Case study

Skills for Life Learning Centre

A CIC that has pioneered an educational health programme around yoga in Northern Ireland.

What is more important than your health? This is the question that the first Community Interest Company established in Northern Ireland wants everyone to consider seriously. And this is why the Skills for Life Learning Centre in Belfast has created the first yoga-based skills development programme accredited within an educational and clinical framework for everyone over the age of 12. To help avoid confusion with the popular conception of yoga and to give the programme a unique identity it has been branded as “Skilltrition”. It is delivered in a range of community settings including places of work, secondary schools and the Belfast Health and Social Care Trust. It has proved most effective at addressing mental conditions induced by a skills deficiency. This success can be attributed to “Skilltrition” being designed to treat the cause not the symptoms.

Director Geoff Wright says that in this way Skilltrition is both proactive and reactive, helping people emerge from mental conditions through “skills not pills” and equipping them with the tools needed to avoid ill health in the first place.

And it is in the groundbreaking proactive realm that Wright has particularly big plans. However, getting investment in “Mental Hygiene” is proving difficult, he says. “Right now people see the essential skills as maths, English and IT, but those skills are worthless unless you’ve got good health, so the fourth essential skill should be health.”
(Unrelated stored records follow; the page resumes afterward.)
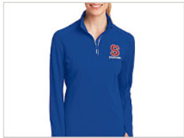
Men's and Women's 1/4 zip $40.00 - $45.00
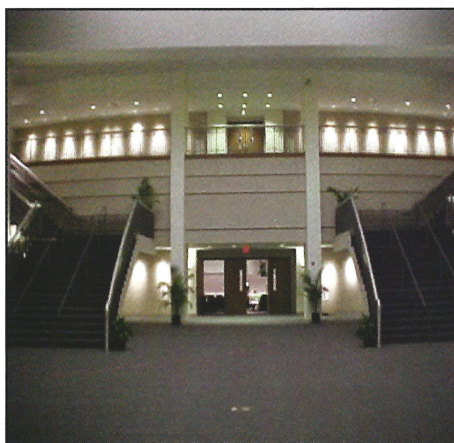
New Birth Missionary Baptist Church Lithonia, Georgia
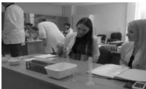
Figure 1. Students prove anthracene
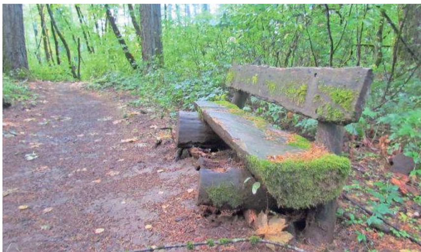
Don't worry hikers, even though there's a little moss, this bench is still a great place to sit and catch your breath during your journey.

Sunlight, water and air. • It doesn't get any simpler than that. • A crisp autumn bout of exercise joined with a refresher science course at Peavy Arboretum in the McDonald State Forest. • The brief Woodland Trail placard imparts: "Plants use carbon dioxide from the air, water from the soil and energy from the sun to produce food. During this process, the plant's leaves release oxygen into the air making it available to you and the forest animals." • Uprooted trees, fall debris, fungi, insects and earthworms all make their way into the hiking lesson, as do skunks, deer and other myriad forest denizen dwellers. • All tucked into one of the Willamette Valley's gems.
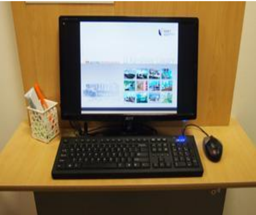
Li Ka Shing Library Level 2 and 3

Express Stations are “quick stop” stations to look up a book’s location.
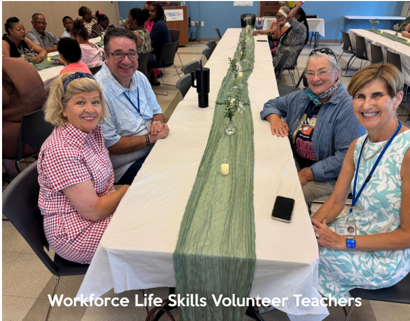
Workforce Life Skills Volunteer Teachers
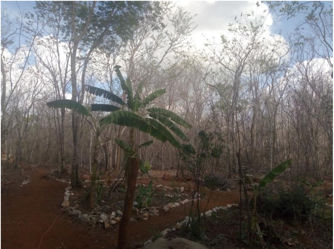
Garden plots in central Yucatan in dry season.

The story of ecological destruction and colonization in Yucatan has been narrated through the lives of nonhuman species before. Yet the species that get to tell these stories are often the ones that make the biggest impact, with easily distinguishable introduction events or punctuated bursts of ecological disturbance. One of these is henequen , a kind of agave that became highly valuable for its use as a fiber. In the late 1800s, much of the old-growth forest of the central peninsula was cleared to make way for vast monocultures of the plant. The boom (and subsequent bust) of “King Henequen” continues to dominate the version of regional history that most tourists to the region encounter, with plantation tours and Merida’s neoclassical architecture the most conspicuous memorials to Yucatan’s “golden age.”
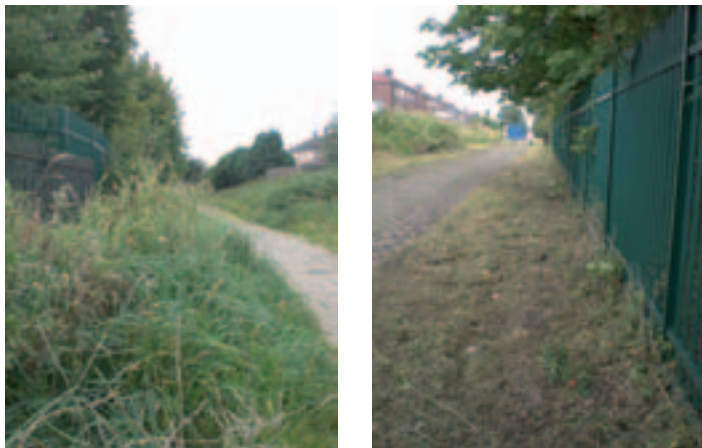
Destructor Road: before (left), after (right).

As suggested by residents, the Community Payback Team started clean up work at Destructor Road, to the rear of Swinton High School. This involved cutting back shrubbery and painting the railings to open up the well used pedestrian route.
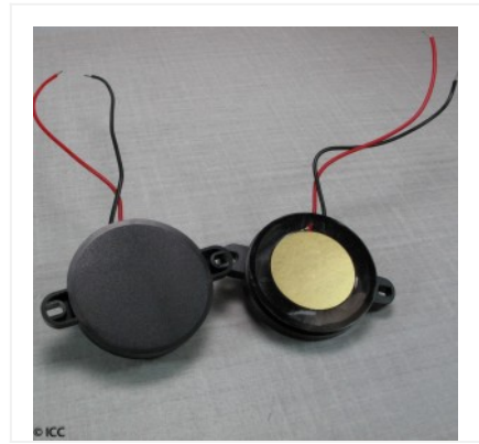
PIEZO ELECTRIC ALARM W/ CIRCUITRY - WATERPROOF
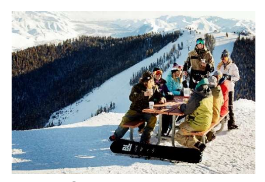
Sun Valley Website: <a href="https://www.sunvalley.com">https://www.sunvalley.com</a>
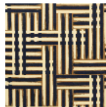
1487-05 NUANCES - CAMEL
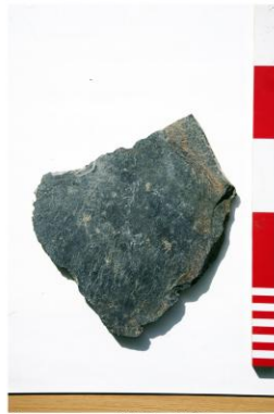
16. Abermagwr Slate ABR10 009 2.jpg
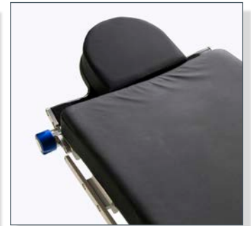
535-1742 Adjustable procedure headrest Fully radiolucent headrest, ensures easy intubation and superior carotid visualization. It fits both ends of the table and does not require side rails.
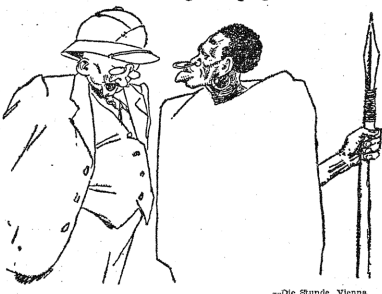
"... Now, Mr. Chief, if we could get your country for a colony, we in Germany would gladly adopt your race-rings, if only because they would facilitate leading our people about."
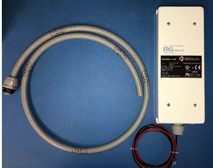
Figure 1 - Parts included for connecting the power supply.

Note: These instructions are in addition to the instructions found in the LED Driver Feed Back Installation Instructions. Please refer to those instructions for display installation and appropriate cautions and warnings.
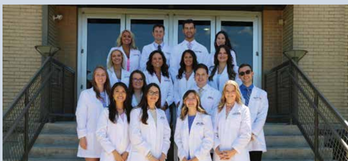
The MUPA Program Graduating Class of 2022

The 2022/2023 academic year brought positive changes and growth to the Misericordia University Physician Assistant (MUPA) Program. We graduated our third cohort, progressed our fourth cohort to clinical rotations, and welcomed our fifth cohort in July 2022. In Fall of 2022, the Accreditation Review Commission for the Education of Physician Assistants, Inc. (ARC-PA) granted "Accreditation-Continued" status to the MUPA Program. The approximate date for the next validation review of the program by the ARC-PA will be September 2032. In addition, the graduating class of 2022 achieved a 100% first-time-taker pass rate on the Physician Assistant National Certification Examination (PANCE).
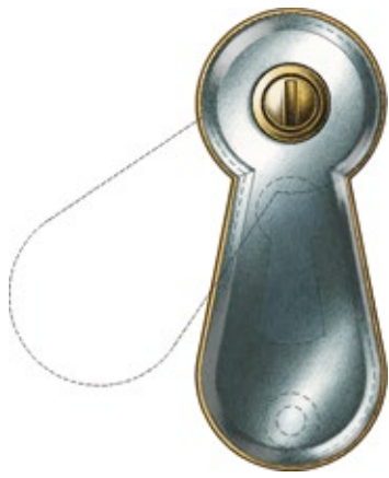
Key Escutcheon with Crystal Cover
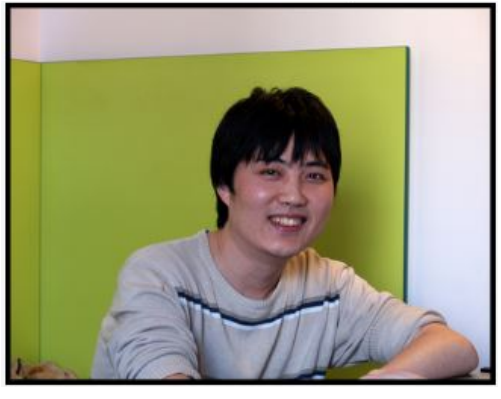
Figure 1. Detail from case scenario program page. Adapted from "Tutor Training Goes Digital," by M. Chandler, 2017 (http://www.jmu.edu/news/uwc/2017/04-news.shtml). Copyright 2017 by Maya Chandler. Used with permission.

in a smaller font for the sake of clarity).
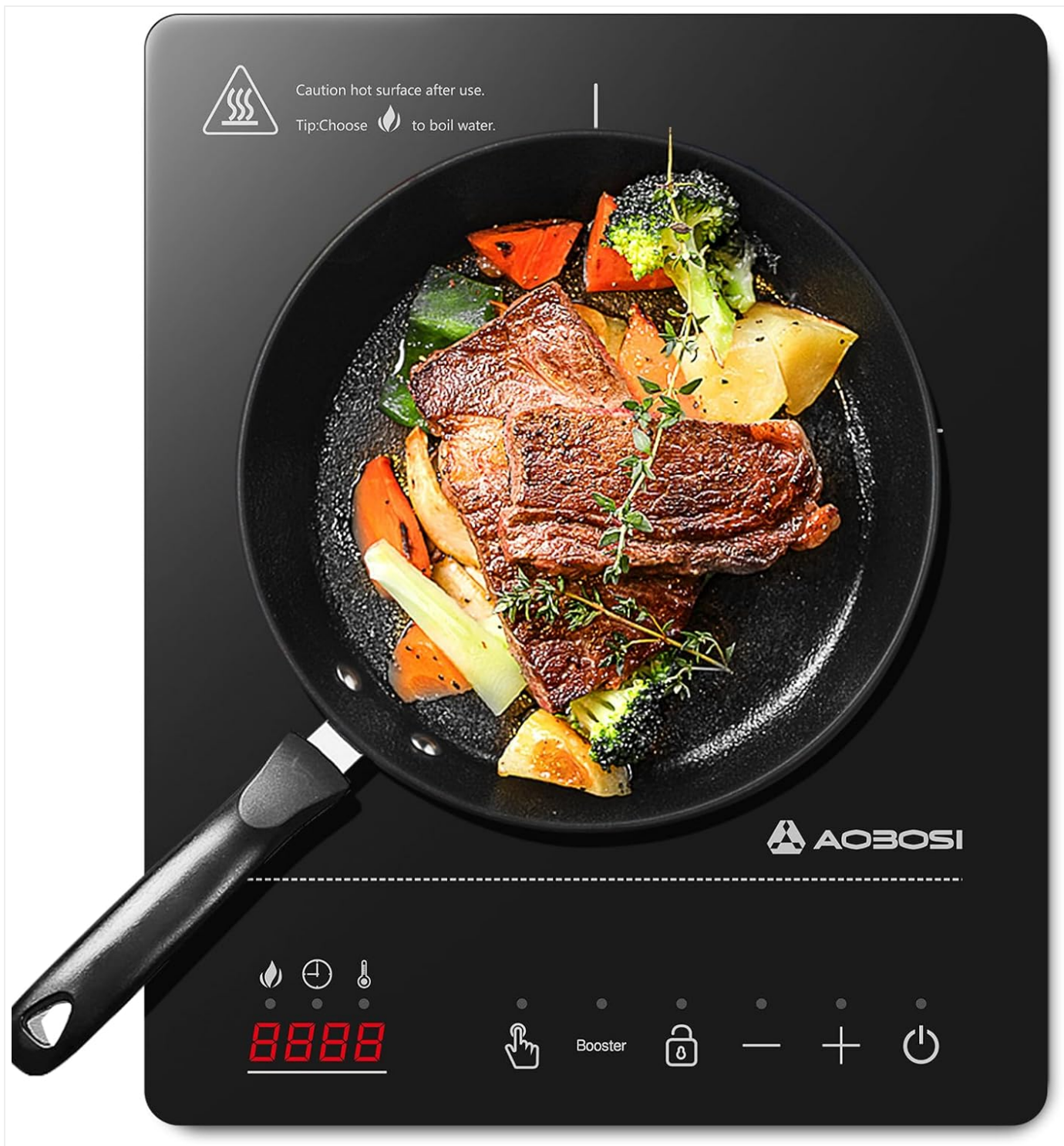
Image: The AAOBOSI Portable Induction Cooktop in use, showcasing its sleek design and a pan with a cooked meal.
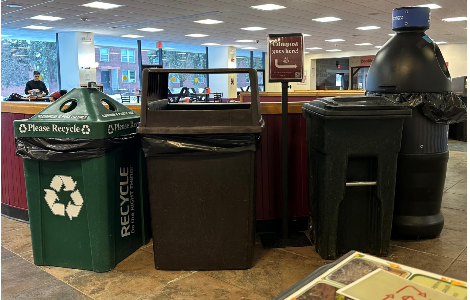
Coordinated with PACES to develop a more efficient arrangement of composting, waste, and recycling bins.
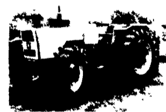
Landini DT8830 68 HP Perkins Diesel, 12 Speed Synchro Trans., Full FWD 5 Disc Wet-Type Brakes, 4 Wheel Brakes, Automatic F. Differential Lock, Big Tires. Unit #243 $16,650

NOTICE: CASH PRICES TILL DECEMBER 31, 1984. All new w/New Factory Warranty. All Actual Photos. 9.9% D.C.C. Financing Available On Deutz
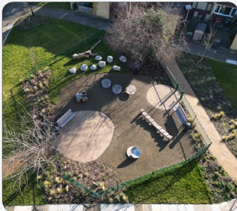
Partridge Way, Wood Green, Haringey

Play and spatial arrangement are carefully considered when designing school environments. Circulation, active and passive zones are all key to creating successful school landscapes.
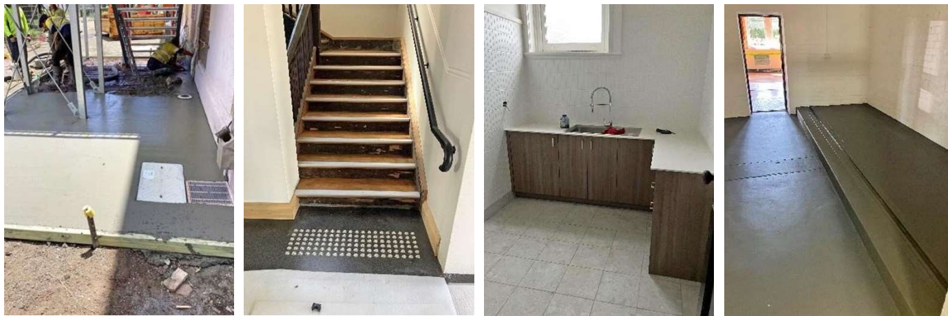
Lismore Manicipal Building

During November at the Municipal building, nosing was installed on the internal stairs. The work on the Safe Room and kitchen area is progressing well. The driveway works are ongoing, and concrete was poured at the base of the rear stairs.
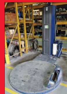
60" Lantech Rotary Stretch Wrapping Machine

To show why this proactive element is so important, Wright uses the analogy of a drowning man. It is very difficult to teach a drowning man to swim, he explains, whereas it’s easy to teach swimming to someone who isn’t drowning.

Wrights says he chose the CIC structure because it completed the jigsaw, “To become fully functional we needed three things,” he says, “We required academic standards that were nationally recognised, we needed standards of clinical excellence and we needed the correct ethical framework – and the CIC structure provided this.”

Since its conception the CIC has delivered over 20,000 learning units to 3,000 people, many of them disadvantaged. The programmes are fully paid for by the participants, with the money reinvested in the programme and the intellectual property retained by the company. Wright believes that no skill is learnt fully or sustainable unless it can be passed on. So Skills for Life also encourages participants to leave with the skills to become facilitators themselves and set up their own franchises.

Not all participants will go on to be facilitators, just like not all young people taught maths will go on to become maths teachers, but in both cases the skills acquired will be with them for life.

Name Skills for Life Learning Centre
Location Belfast, Northern Ireland
Company structure CIC limited by guarantee
Founded October 2007
Community interest statement Educational provider of health programmes within a nationally recognised academic and clinical framework.